Under the nail, melanoma usually shows up as a dark brown or black streak running from the cuticle to the tip. The streak can be irregular, with varying shades of blackish brown. A single colored line is often less than 3 millimeters wide initially but gets wider over time. One important sign is the Hutchinson sign, where the dark pigment spreads beyond the nail itself and stains the skin around the cuticle. This is a strong indicator that the streak is melanoma rather than a harmless pigment band.
The standard ABCDE checklist doesn’t apply well to these locations. Specialists instead use the CUBED acronym: Colored lesion, Uncertain diagnosis, Bleeding, Enlargement, and Delay in healing. This form of melanoma is particularly important for people with darker skin tones, where it accounts for a larger proportion of melanoma diagnoses overall.

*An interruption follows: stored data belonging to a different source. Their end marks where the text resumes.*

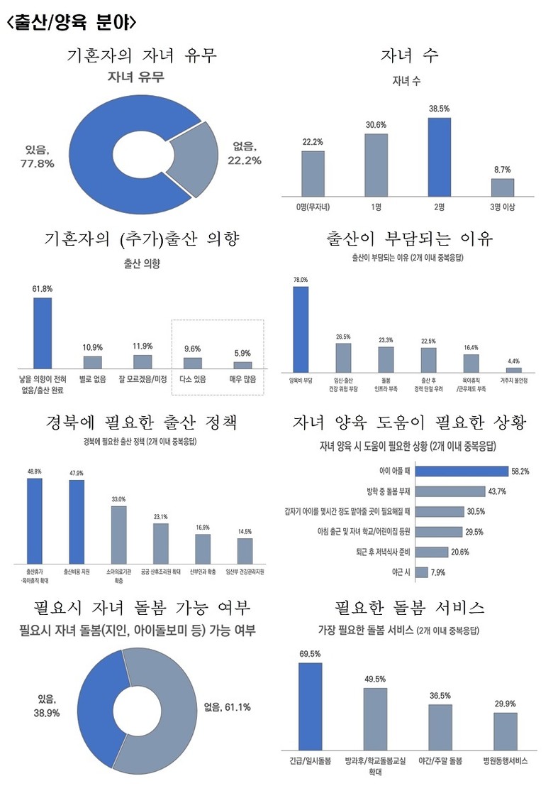 또한 소속 직장에서의 일‧가정 병행의 적합 정도가 63%정도로 높았음에도 경북에 가장 필요한 출산 정책으로 출산‧육아휴직 확대가 꼽힌 것은 제도가 현장에서 체감되기 어렵다는 점을 시사하는 것으로 해석된다.
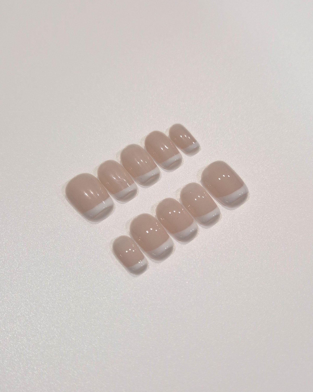 • Soft pink base with hand-painted white tips
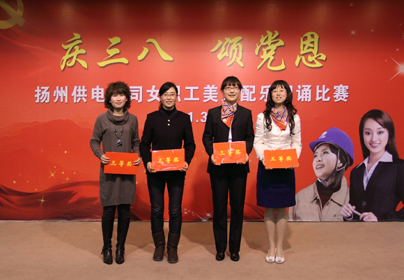揚(yáng)州供電公司女職工委員會(huì)3月4日下午舉辦“慶三八、頌黨恩——揚(yáng)州供電公司女職工美文配樂朗誦比賽”活動(dòng)。公司女職工選手以美文配樂朗誦的形式,向偉大的中國共產(chǎn)黨表達(dá)了由衷的熱愛。揚(yáng)州供電公司黨委書記馬愛杰、工會(huì)主席吳鴻出席活動(dòng),揚(yáng)州各縣公司工會(huì)主席、各基層分工會(huì)主席、女工委員、女職工代表90多人參加了這次活動(dòng)。
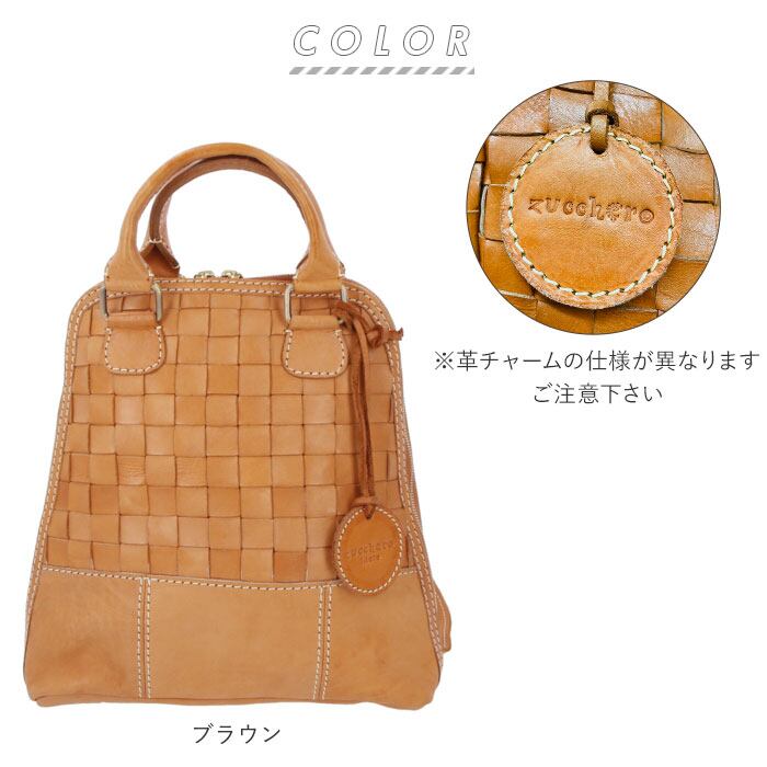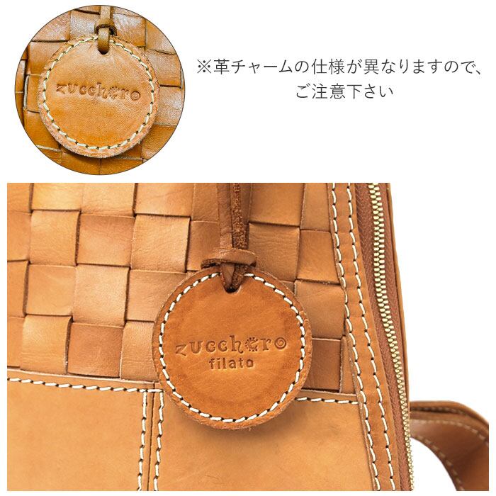 ・使い込むほどに味わいが増す、本革素材ならではの経年変化も楽しめる。「zucchero」のロゴが刻印された、本体と同じ素材のレザータグ付き。

Early vs. More Advanced Appearance
At its earliest stage (melanoma in situ, or Stage 0), the cancer cells haven’t pushed past the top layer of skin. Visually, early melanoma tends to be flatter with subtle color variation. As melanoma becomes invasive and grows deeper, certain features become more common: irregular dots or clusters of pigment within the lesion, a blue-white haze or veil over part of the spot, and visible tiny blood vessels. A milky reddish area within the mole also appears more frequently in invasive melanoma. These changes reflect the cancer actively building its own blood supply and pushing into deeper tissue.
The practical takeaway: a flat, slightly uneven spot with mild color variation can still be melanoma. You don’t need to wait until a mole looks dramatically alarming. The earlier the catch, the simpler the treatment and the better the outcome.
What Changes to Watch For
The most actionable thing you can do is learn what your skin normally looks like and notice when something shifts. Specific changes that matter include a mole that’s getting bigger, developing new colors, or losing its previously smooth border. Surface changes are also telling: a mole that was always flat and suddenly becomes raised, starts crusting or flaking, or bleeds without being scratched or bumped. New sensory symptoms like itching or tenderness in or around a mole also signal that something may be happening beneath the surface.
A brand-new spot that appears in adulthood and looks unusual from the start also counts. Melanoma doesn’t always develop from an existing mole. It can arise on previously clear skin as a new, pigmented, or unusual-looking growth.